Durante a conversa, foram discutidos os principais obstáculos dos profissionais da grande mídia para de fato frequentarem as periferias em suas coberturas, como a equipe limitada e a falta de tempo para o deslocamento. Também foram abordados a maneira estereotipada com que muitos retratam os moradores dessas regiões e possíveis caminhos para mudar esse quadro. “O encontro teve um grande impacto político pra mim, pois possibilitou que o meu jeito de pensar e produzir o jornalismo na periferia fosse compartilhado com quem reproduz um formato que já é pauta de discussões no senso comum, seja na mesa de bar, na viela, no escadão, nas esquinas, seja na escola pública e nos espaços socioculturais dos grandes bolsões populacionais da cidade. Sem dúvida nenhuma foi uma ação relevante e promissora para futuras atividades”, avalia Ronaldo.

Comunicação em pauta

No dia seguinte ao debate, aconteceu, no Centro Cultural do Grajaú, zona sul de São Paulo, a 1ª Virada Comunicação, que reuniu mais de 400 participantes, a maioria estudantes e membros de coletivos de comunicação.

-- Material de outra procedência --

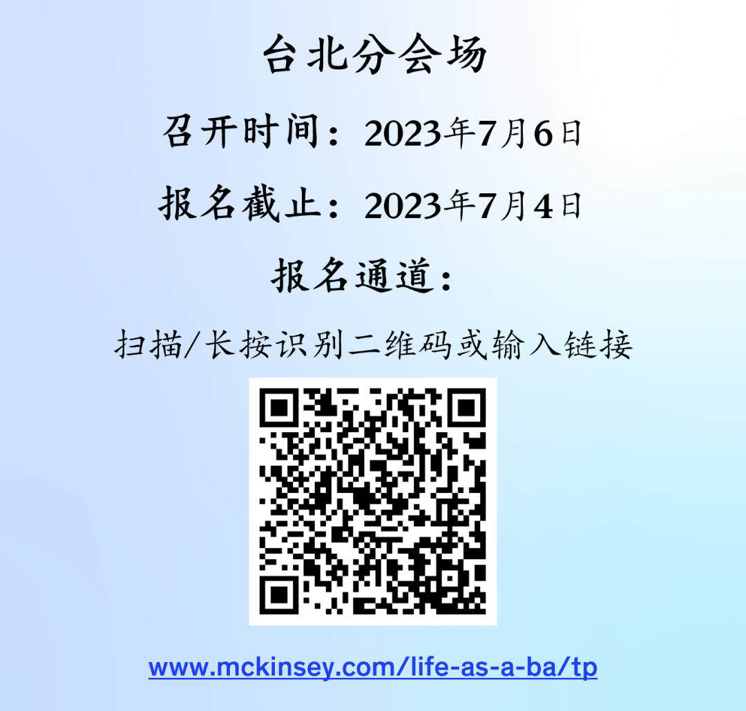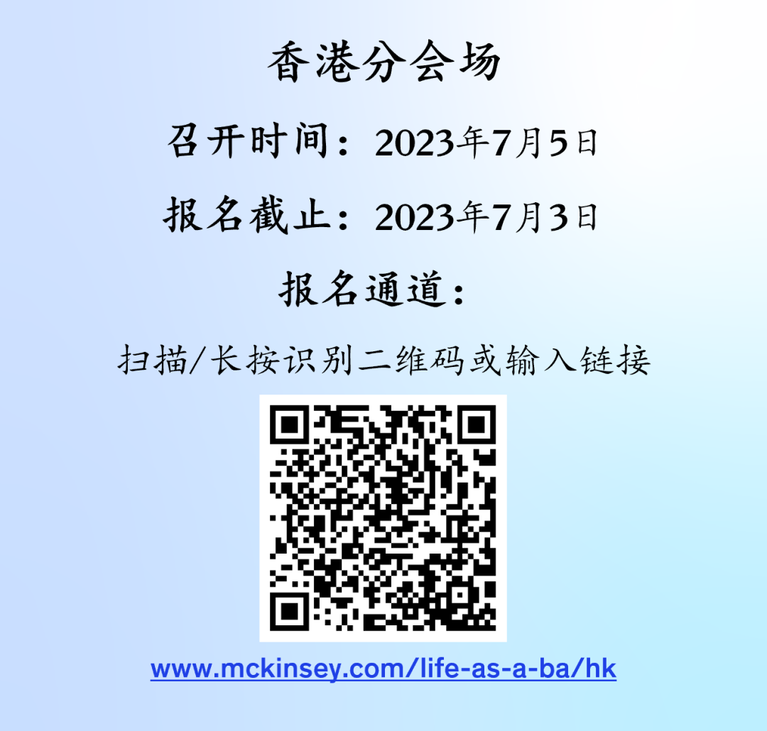 三场线上宣传会,带你走近麦肯锡,为大家阐述麦肯锡的发展历程、现状与愿景,分享企业文化、办公环境和工作体验,更重要的是,宣讲会将带来麦肯锡咨询顾问的个人分享,通过真实而鲜活的经历,让你获得有关职业成长与机会的第一手信息,相信这能够有效地助你做出准确的事业选择。此外,我们还会详细介绍招聘流程,传授面试技巧,贴士和建议,帮助各位同学顺利完成申请,助你斩获心仪offer。宣讲会向全员开放,香港、台北、北京/上海/深圳三场线上宣讲会,请根据你想要选择申请工作的办公室,尽快预约,以免超出截止日期。
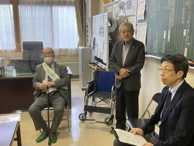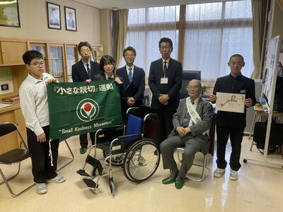 社会貢献事業に取り組む「小さな親切」運動函館支部(奥野秀雄支部長)から、本校に車いすが寄贈されました。「地域の輪・和・環プロジェクト」の一環で、2002年より小中学校や福祉施設などで寄贈されています。
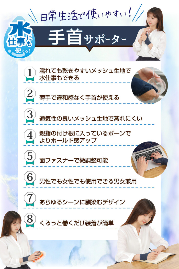 ■商品名:水仕事にも使えるメッシュの手首サポーター
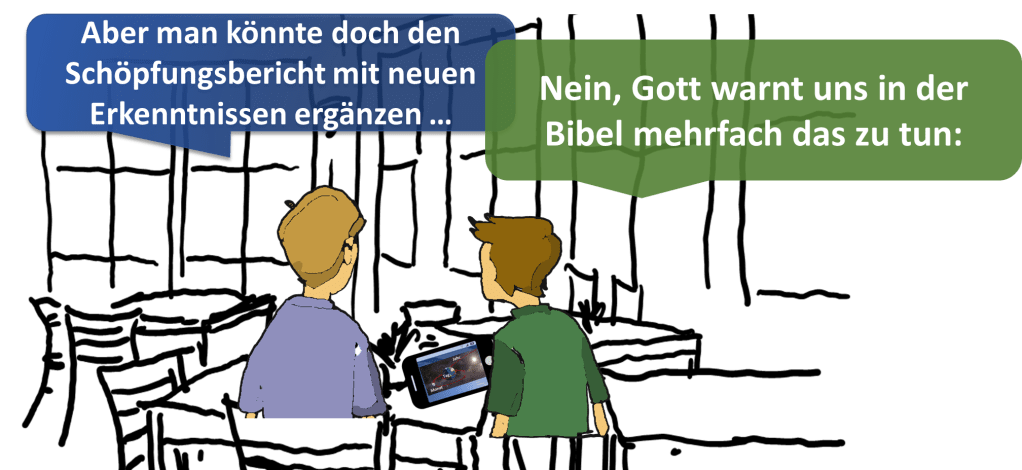 Im Buch der Psalmen werden wir ermahnt – darauf hingewiesen – dass das Gesetz Gottes perfekt ist, seine Berichte vertrauenswürdig und ein Licht auf unserem Lebensweg ist (Psalm 19:8 / Psalm 119:105).[vii] Dazu lesen wir im Buch der Sprüche (30: 5-6) die Bekanntmachung, dass die Worte Gottes absolut rein (also fehlerfrei) sind und wir ihnen nichts hinzufügen sollen.[viii] Diese Warnung, dass wir Gottes Worten nichts hinzufügen sollen, finden sich auch in 5 Mose 4:2 und Offenbarung 22:18-19.
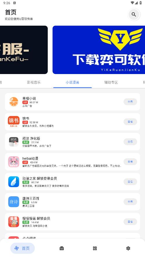 U豆软件库是一款集多功能资源与实用工具于一体的宝藏APP,涵盖实用应用、影视音乐、小说漫画、辅助工具等海量资源,满足用户全方位娱乐与办公需求。无论是寻找热门软件、畅听全网音乐、阅读精彩小说,还是获取创意头像、高清壁纸,U豆都能一键直达。更有小霸王经典游戏、趣味网站导航及在线工具箱,助你轻松玩转数字生活,打造个性化娱乐与效率空间。

Com mais de dez horas de atividades, a Virada combinou oficinas de comunicação, intervenções culturais e mesas de debate com a participação de diversos convidados, como Binho (Sarau do Binho), Maria Vilani (Centro de Arte e Promoção Social) e Francilene Gomes (Movimento Mães de Maio), além de integrantes de movimentos sociais e da Rede Jornalistas das Periferias.

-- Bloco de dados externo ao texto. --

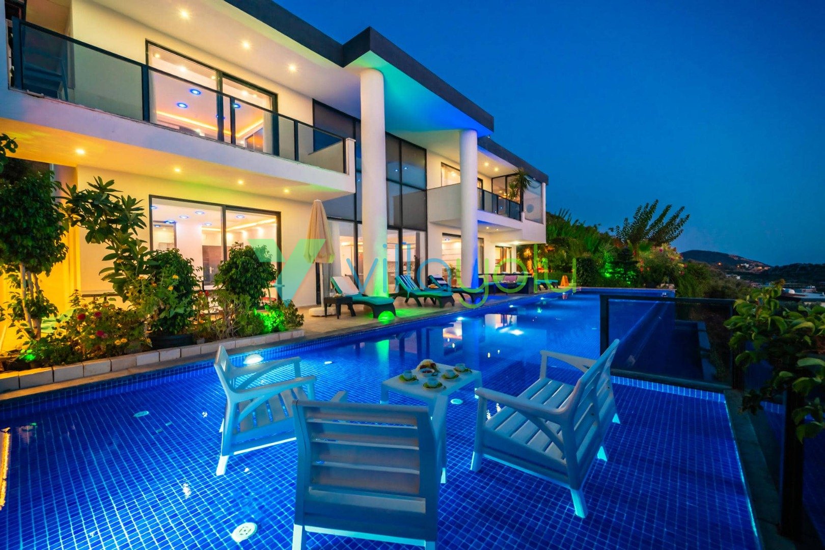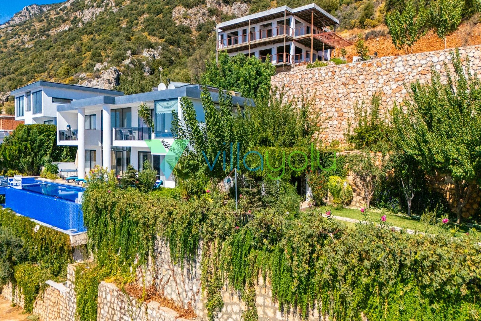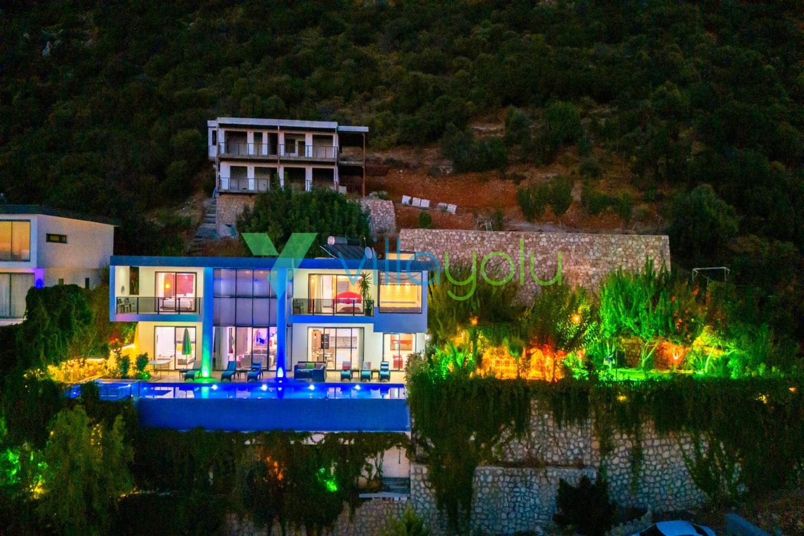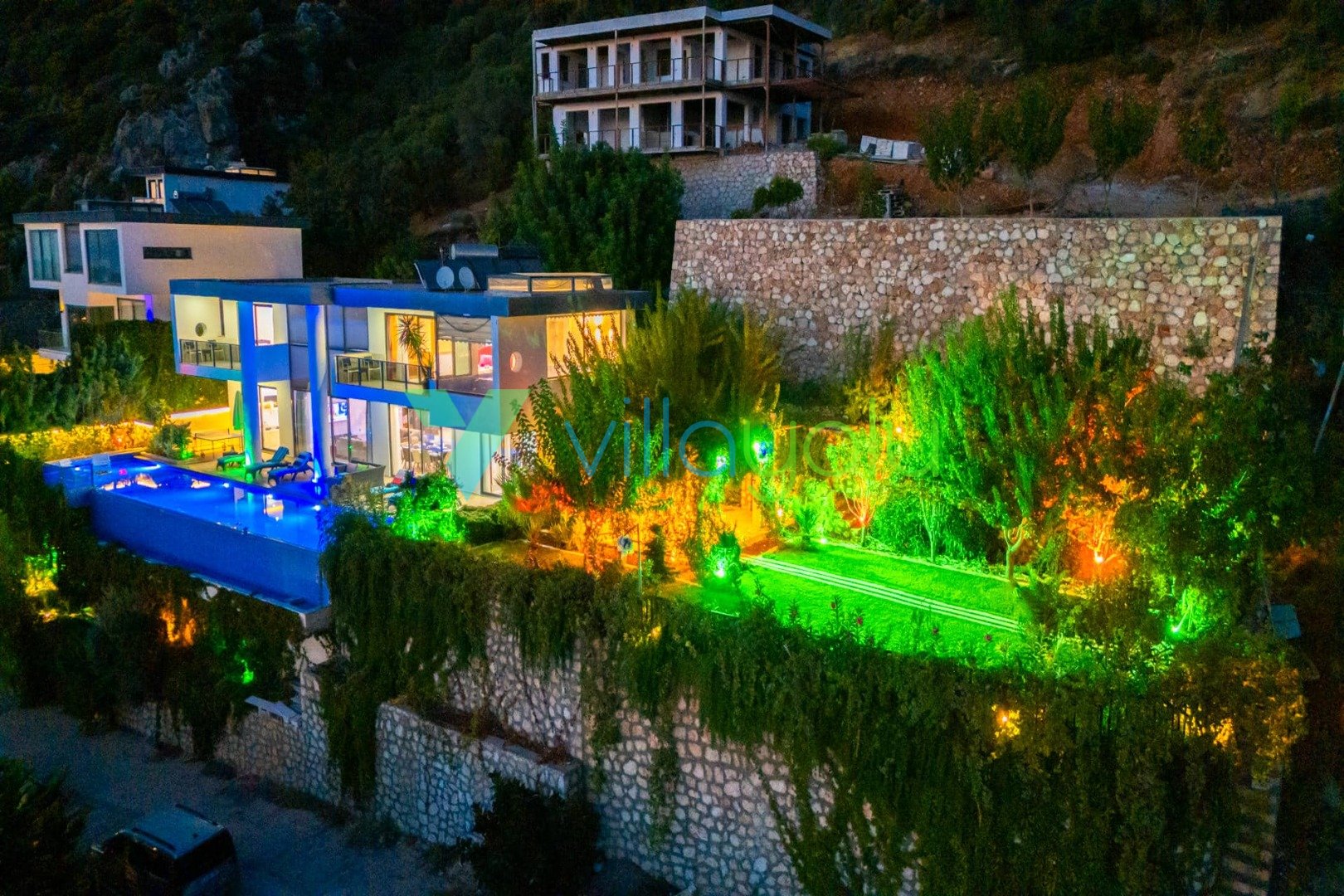 Villa Hyperion, Kalkan Kördere'de 4 yatak odası 8 kişi kapasiteli harika deniz manzara özel havuzlu tatil villasıdır. Modern ve lüks tasarıma sahip villamız geniş yeşil bir bahçe ve havuza sahiptir.Ana yatak odasında hamam,sauna ve kış aylarında aktif olan kapalı ısıtmalı havuzu vardır. Bir odamızda ise çift kişilik jakuzi bulunmaktadır.Eğlenceli vakit geçirebilmek için langırt,masa tenisi,salıncaj ve çocuklar için çocuk havuzu ve oyun alanı bulunmaktadır.Kalkan merkeze 3km mesafedeki villamız alışveriş olanaklarına yakın konumdadır.En yakın plaj 4 km mesafededir.
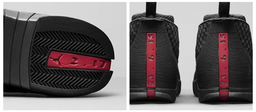 在飞人那铭记史册的最后一投后,乔丹也再次淡出赛场,而 Air Jordan 15 则承担起一份致敬的任务。后跟及鞋底镂空的数字,分别代表 #23 球衣号码,6 NBA 总冠军,Air Jordan 15 代球鞋,鞋底 2.17 则是帮主本人的生日。
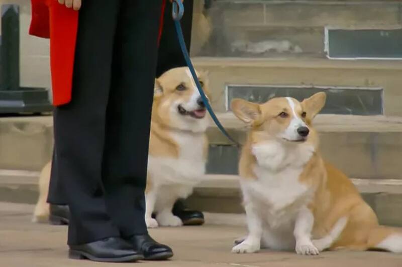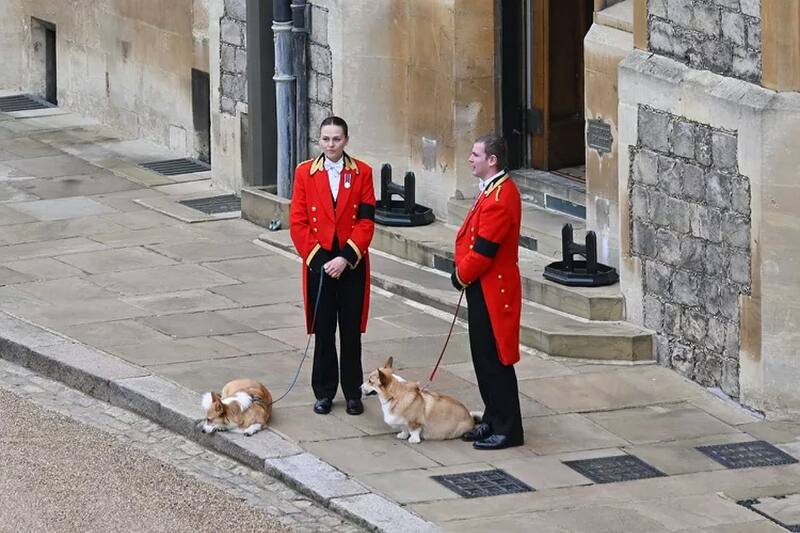Los dos perros de la difunta monarca se pararon con sus ayudantes para dar la bienvenida a su ataúd de quien fuera su dueña, antes del servicio de sepultura de la reina Isabel II. Unas horas antes fueron vistos dando un paseo dentro del Castillo de Windsor.

Entre os principais temas discutidos estavam o genocídio da juventude negra, a discriminação por CEP, o direito de acessar equipamentos culturais e uma educação de qualidade nas periferias, a ocupação da cidade e seu viés ambiental, o machismo periférico e os problemas na representação da comunidade LGBT pela mídia. Na última mesa, que encerrou o evento, o debate foi sobre um desafio comum a muitos coletivos de mídia independente, o financiamento. “Talvez a gente tenha que olhar mais as oportunidades financeiras, e não só as pautas. Criar essa inteligência empreendedora ainda é um desafio”, afirmou a jornalista Gisele Alexandre.

Sobre o apoio da Fundação Tide Setubal à Virada, a Rede o considera fundamental. “Foi natural buscar o apoio de organizações que já discutem as questões levantadas e cujo o viés territorialidade e/ou da comunicação poderia trazer novas provocações para o público participante, para as próprias organizações e também para os coletivos que fizeram a Virada sair do papel”, diz Thiago.

Para contribuir com o fortalecimento de coletivos e veículos independentes de mídia, a Fundação Tide Setubal também contratou os serviços do coletivo Periferia em Movimento, do qual Thiago faz parte, para a cobertura de projetos como o Plano de Bairro e eventos como o Festival do Livro e da Literatura de São Miguel. Segundo Thiago, a parceria permitiu não apenas que o coletivo tivesse mais segurança financeira, mas também que entrasse em contato com territórios e ideias que ainda não conhecia. “No caso do Plano de Bairro, por exemplo, possibilitou que a gente conhecesse um mecanismo de participação cidadã que passava batido porque ninguém falava sobre e porque nós não nos debruçamos antes pela falta de tempo.”